(ASSIGNMENT) Below are records; from the line containing "The Redeem Points screen will be displayed" through the very last line, output each line exactly. No pictures.

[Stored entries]
----------
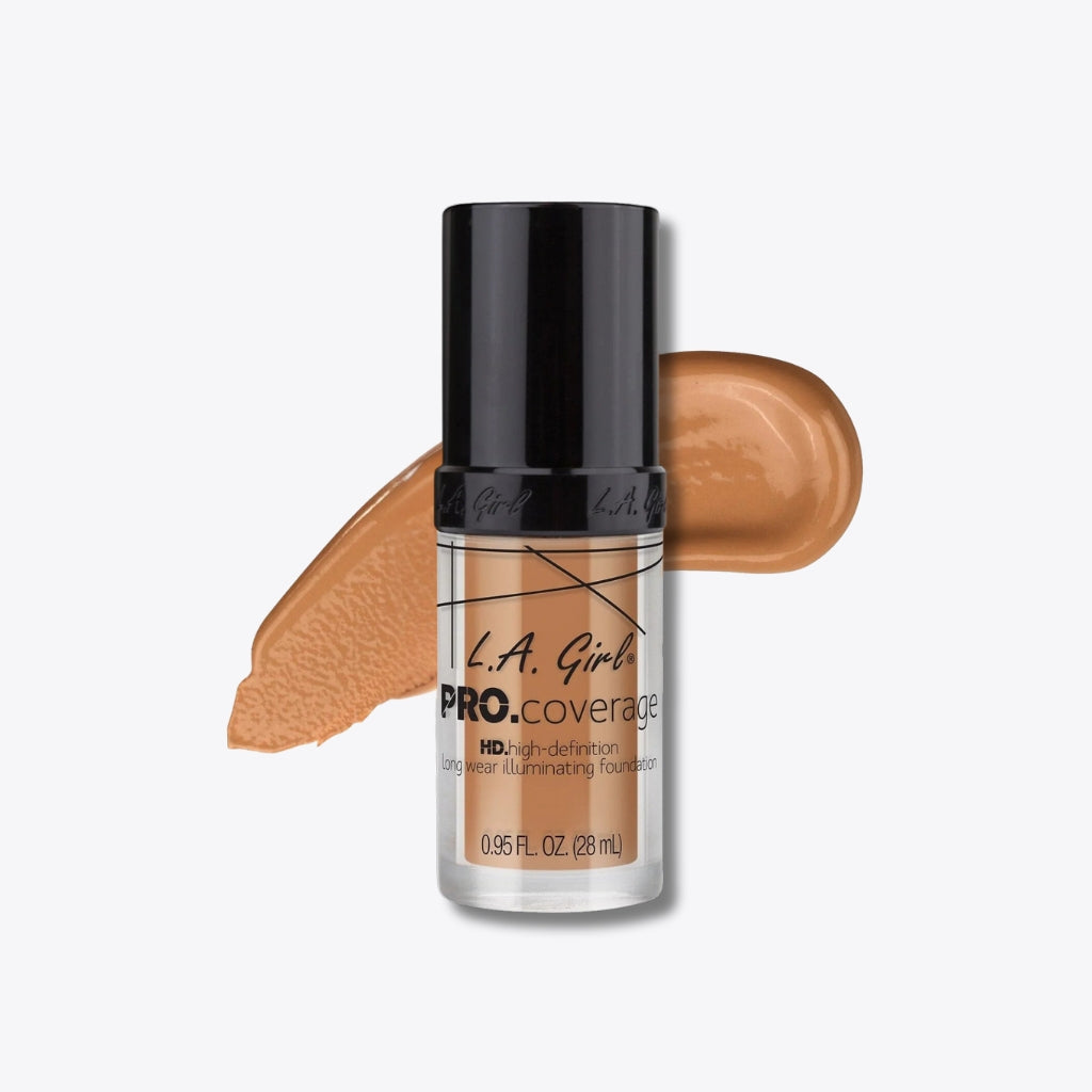 Prep your skin with your primer of choice, then add a small amount of L.A. Girl’s Pro Coverage HD Illuminating Foundation to the center of your face and blend outward using an L.A. Girl Foundation Brush, a sponge, or your fingers. Build up to reach your desired level of coverage (medium-to-full), blending until flawless.
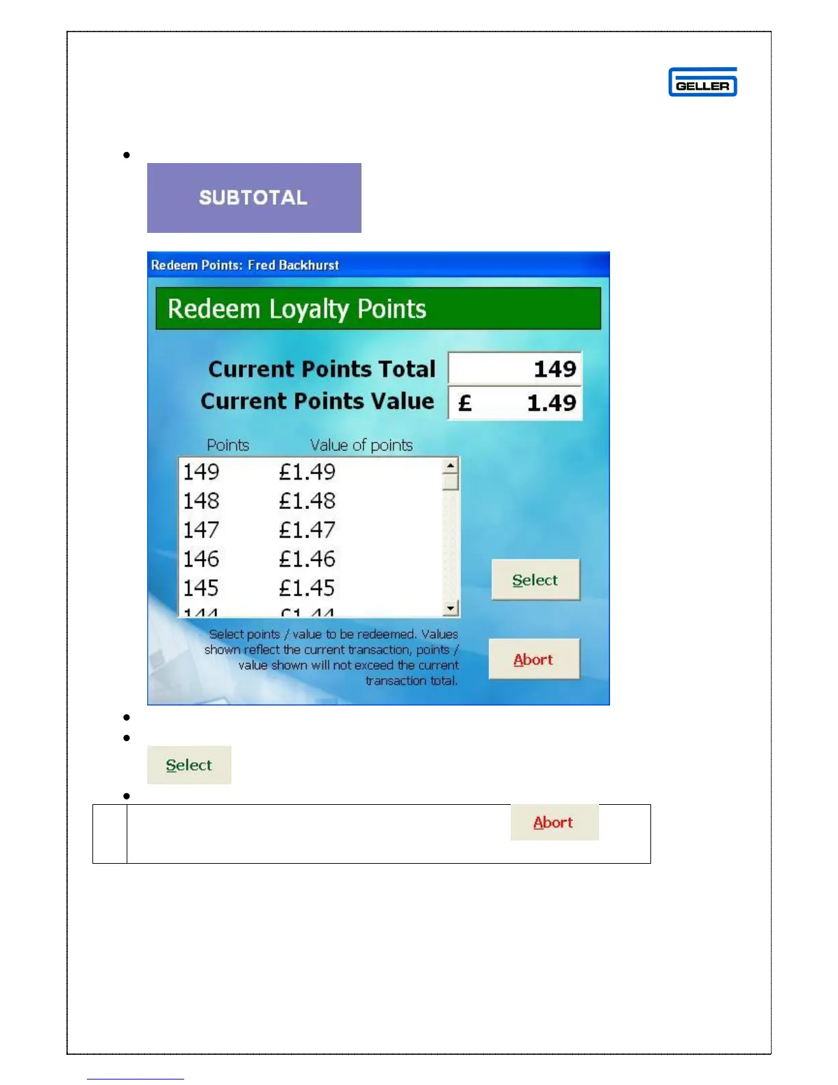 The Redeem Points screen will be displayed
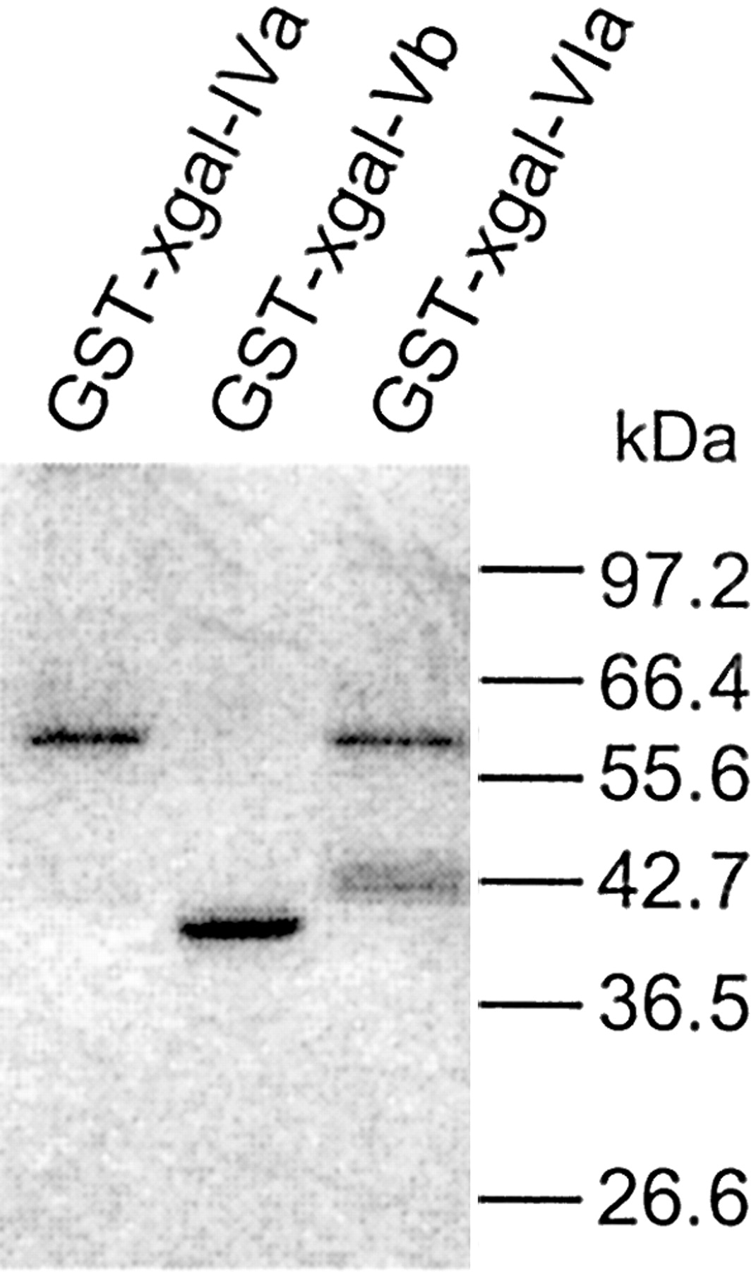 62.8 kDa; GST/xgalectin-Vb, 41.4 kDa; and GST/xgalectin-VIa, 61.4
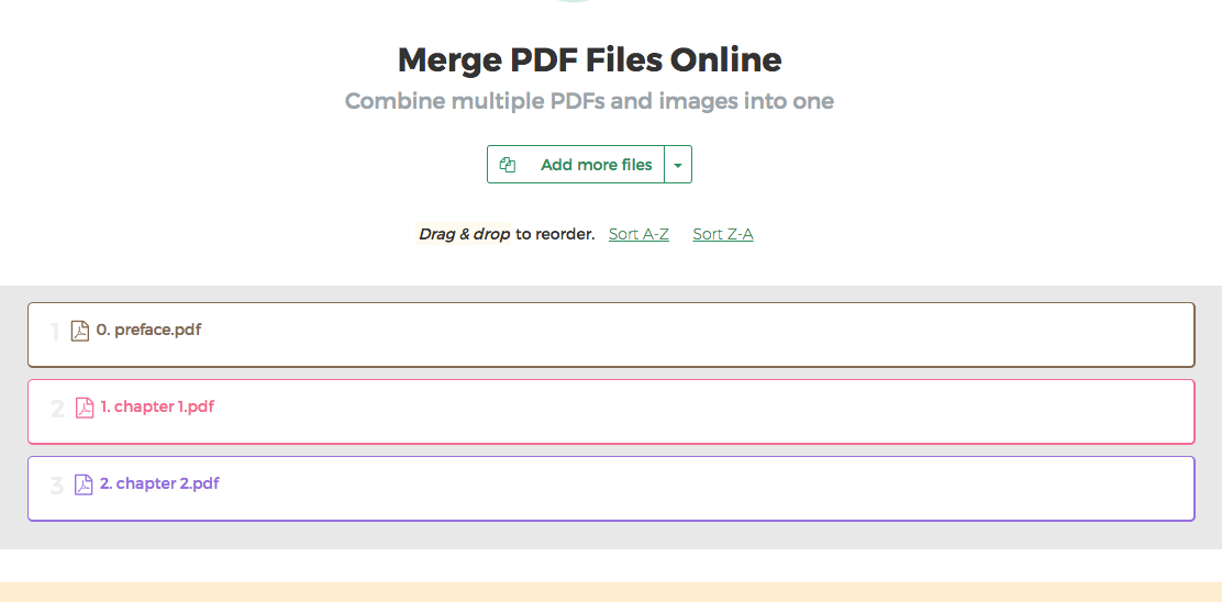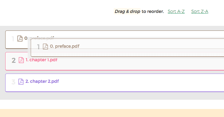 Déplacer et déposer les fichiers pour changer et combiner les ordres. Utiliser les boutons de triage pour trier alphabétiquement les noms de fichiers de 'A-Z' ou de 'Z-A'
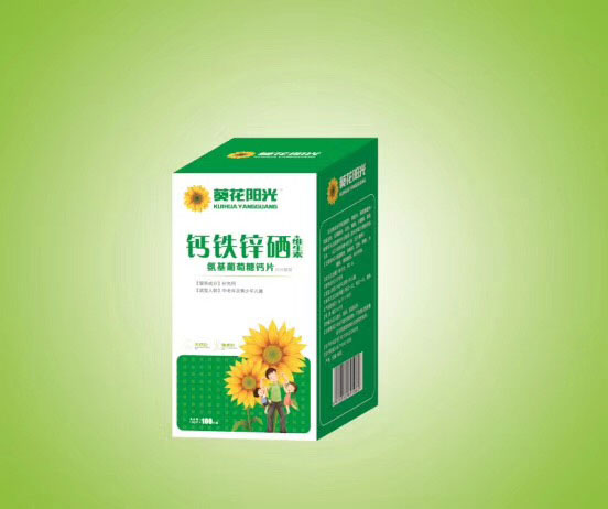 - 葵花阳光钙铁锌硒+维生素氨基葡萄糖钙片产品功效:富含浓度较高的钙铁锌等微量元素。
----------
(OUTPUT FOR THIS EXERCISE)
 The Redeem Points screen will be displayed
 62.8 kDa; GST/xgalectin-Vb, 41.4 kDa; and GST/xgalectin-VIa, 61.4
 Déplacer et déposer les fichiers pour changer et combiner les ordres. Utiliser les boutons de triage pour trier alphabétiquement les noms de fichiers de 'A-Z' ou de 'Z-A'
 - 葵花阳光钙铁锌硒+维生素氨基葡萄糖钙片产品功效:富含浓度较高的钙铁锌等微量元素。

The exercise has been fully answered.